In some cases, generating a printout using only Visual Basic commands can be difficult. The following section explains alternative methods for generating a printout and tells when you might want to use those methods. If you just want to print several pages of text, it’s often easier to pull the text into Microsoft Word or some other application that specializes in formatting text rather than writing your own.

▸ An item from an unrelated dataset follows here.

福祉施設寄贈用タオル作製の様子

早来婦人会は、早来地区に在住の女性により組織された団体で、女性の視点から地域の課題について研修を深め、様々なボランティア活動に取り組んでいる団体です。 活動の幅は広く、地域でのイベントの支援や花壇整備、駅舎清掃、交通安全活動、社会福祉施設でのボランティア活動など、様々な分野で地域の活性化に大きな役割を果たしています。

In other cases, however, you cannot take an easy way out. If the program generates very complex images and graphs, or produces text that is positioned and formatted in a complex manner, you probably need to work through the Visual Basic printing system. The rest of this chapter explains the techniques that you use to generate printouts in Visual Basic. It shows how to draw graphics and text on the printer and how to scale and center the results.

How Not to Print

Although Visual Basic provides many tools for arranging graphics on a printout, it does not always provide the best approach to printing. The general method for printing in Visual Basic requires you to generate each page of output in turn. For simple documents (such as a line drawing containing a few lines and circles on a single page), this is easy.

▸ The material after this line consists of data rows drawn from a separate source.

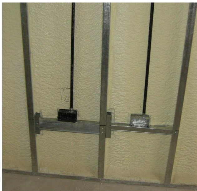
Imagen 3. Colocación de instalaciones eléctricas.

Fijar las placas sobre una cara de la estructura, en forma horizontal o vertical, trabando las juntas y separándolas 10 a 15mm del piso. La segunda capa de placas se colocará trabando las juntas respecto a las de la primera capa, utilizando tornillos autorroscantes T3,
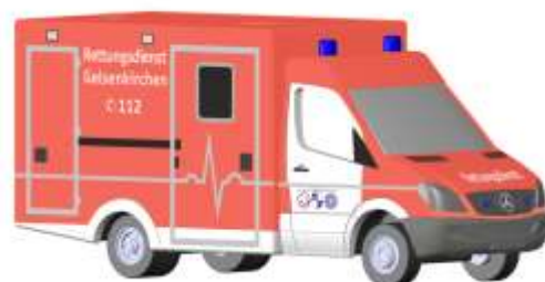
WAS RTW „Rettungsdienst Gelsenkirchen“ 16182 | 1:160 | D | PG 25
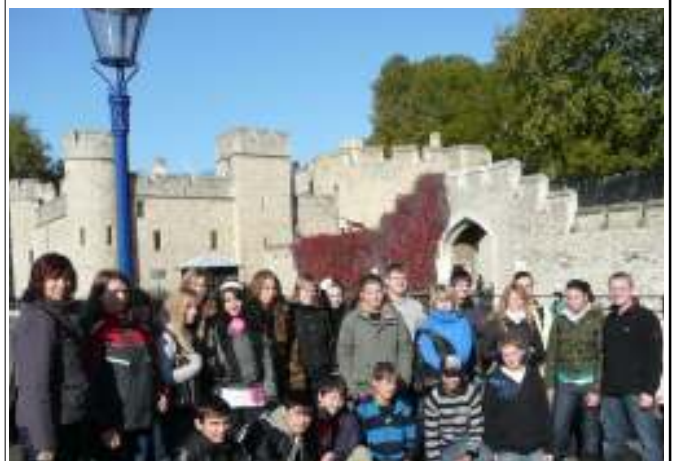
Tower von London

ne Äußerung einiger Schüler. Natürlich durfte bei der Londontour auch die Besichtigung der weiteren Sehenswürdigkeiten wie Tower, Tower Bridge, Big Ben, Westminster Abbey, Covent Garden, Piccadilly-Circus, Trafalgar-Square, China-Town und London Eye nicht fehlen. Bei schönstem Wetter lernten die Schüler schließlich London auch vom Schiff aus kennen und durchliefen in Greenwich den leicht tropfenden Fußgängertunnel unter der Themse, um anschließend mit der DLR durch die Docks und das Bankenviertel wieder ins Zentrum zurückzukehren. Begeistert nutzten die Schüler vor allem auch die Einkaufsmöglichkeiten in London, insbesondere im größten Spielwarengeschäft Europas, dem Hamleys, aber auch in der Oxford Street. Nur bei Harrods bremsen die exklusiven Waren und Preise den Kaufrausch der Schüler.

On the other hand, suppose that you want to print several dozen pages of text interspersed with tables and pictures. Figuring out where each page break should be placed and how the text should flow around the tables and pictures could be a huge undertaking. To really do the job right, you might need to consider orphan lines (when the first line of a paragraph sits at the bottom of a page), widow lines (the last line of a paragraph sits at the top of a page), orphan and widow words (when the first or last word sits on a separate line), inserting extra space between words to make a line look nicer, page numbers, headers and footers, hyphenation, different left and right margins, mirrored margins, page gutters, bulleted lists, indentation and justification, different font sizes and styles, and a host of other issues.

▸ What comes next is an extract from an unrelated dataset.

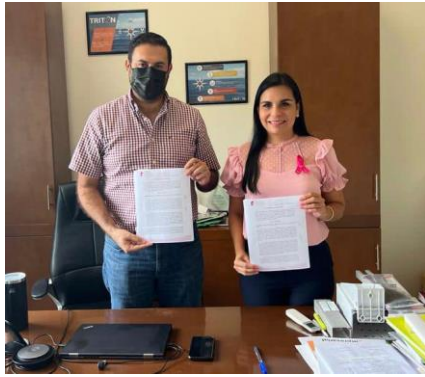
Firma de convenio con la empresa AEI.

Word processing and text-formatting applications such as Microsoft Word spend a great deal of effort on these issues - effort that you probably don’t want to duplicate. In fact, Word is so good at handling these issues that you should consider using it to print your output instead of writing an elaborate Visual Basic program to do it.

If your output is simple text, you can drop it into a text file and then use Word to open, format, and print it. For printouts that you don’t need to generate too frequently, and for printouts where the user may want to edit the results before printing anyway, this is a simple, flexible solution that doesn’t require you to write, debug, and maintain a lot of complicated formatting code.

For more elaborate printouts, programs such as Word may still be useful. Using Visual Studio Tools for Office (VSTO), you can open a Microsoft Word application and control it from your Visual Basic program. Your program can use the Word object model to add text, insert pictures, build tables, set page printing options, and even print the result. You can then save the document for later use or discard it.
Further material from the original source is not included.